By February, Emilia begins acting strangely.  She starts coughing when she hears Bert calling her over the telephone, thinks Bert is silly, and expresses positive opinions about Åke. While Jörgen Karlsson and Dödgrävarn in class 8 B fight and run away from the headmaster at the schoolyard, Bert's class has family and consumer science. Bert perceives everything as a form of humor from Emilia's side, and when Lill-Erik tells Bert that Åke encounters his girl, Bert first sees this as humor. When Emilia says she has to do French homework despite studying German, Bert even believes that French is taught during those German lessons. When a bicycle similar to Åke's is parked at the garage driveway of Emilia's parents house, Bert assumes it belongs to Emilia's father.

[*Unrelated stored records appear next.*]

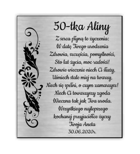 Może stanowić wyjątkowy personalizowany prezent czy grawerowaną wklejkę, np. do książki, albumu.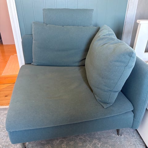 Har fått flenger på armlenene, men er veldig god å sitte i. Kan være behjelpelig med transport i Oslo og omegn for et tillegg i prisen. Tilsvarende selges f.eks.per dags dato på beliani.no for 2589 (etter det jeg forstår ekskl. fotskammel). https://n9.cl/wo395r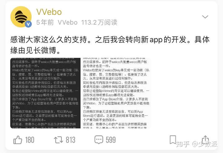 随后的几年时间里,VVebo 只有寥寥几次维护性更新的记录。去年,开发者在微博上宣布 VVebo 已经解决了接口问题,并且会进行重新设计和开发,让一直坚守 VVebo 的用户们看到了希望。

Bert turns 15 on 21 February, and gets a moped for present. Emilia refuses cake during Bert's birthday party, but gives Bert a bouquet of white carnations. Bert joins a moped gang with three guys in class 8 C, Jan (called "Jaffa"), Thomas (called "Tomas") and Holgersson.

On March 1, Emilia breaks up with Bert, while Åke hides inside her wardrobe.  She says Bert is ugly and a poor singer.  Although, Bert first suspects her to be joking, he develops low self-esteem.  Some days later he notices Åke carrying Emilia on a bicycle. When confronted, Åke claims he and Emilia aren't together and that he just thought Bert and Emilia met too often and sabotaged their relationship.  Feeling down, Bert goes to church, where he meets a girl who tells him she had the same problems when she was fourteen.

Emilia later returns to pick up her things from Bert's and gets bitten in her elbow by Bert's pet turtle, Ove.  Although she doesn't contract sepsis, Bert hopes she will get forced to amputate her arm anyway or at least be forced to take a tetanus shot.

Bert is soon confirmed, with priest Abdon Rehnberg. The priests from the Church of Sweden who first present themselves are Staffan and Maria. Bert thinks Maria looks nice, while Emilia thinks Staffan looks nice. The confirmands sleep overnight in a haunted house, located at a deserted farm.

Bert's grandmother turns 70, and Bert's class participate in a soccer tournament at school, losing 3–4 to class 8 F when Lill-Erik can't decide which foot to use when shooting at 3-3, before class 8 F counter-attacks winning the game.

Åke states that he and Emilia only talk over a "child born on Christmas" and hold hands, but Bert doesn't believe that. In May, Bert, Åke and Lill-Erik sleep overnight in a haunted house. Later during the same month, Bert, Åke and Lill-Erik sleep overnight at Ekeboskogen, where according to rumors a UFO is said to have been seen. Bert, Åke and Lill-Erik also babysit a family where a 4 years old threatens to hit Lill-Erik, and chases him with a knife through the apartment.

In May, Bert also falls in love with Gabriella, in class 6 at Blåsjöskolan. Gabriella is called "Gabby", and her sister is called Amanda.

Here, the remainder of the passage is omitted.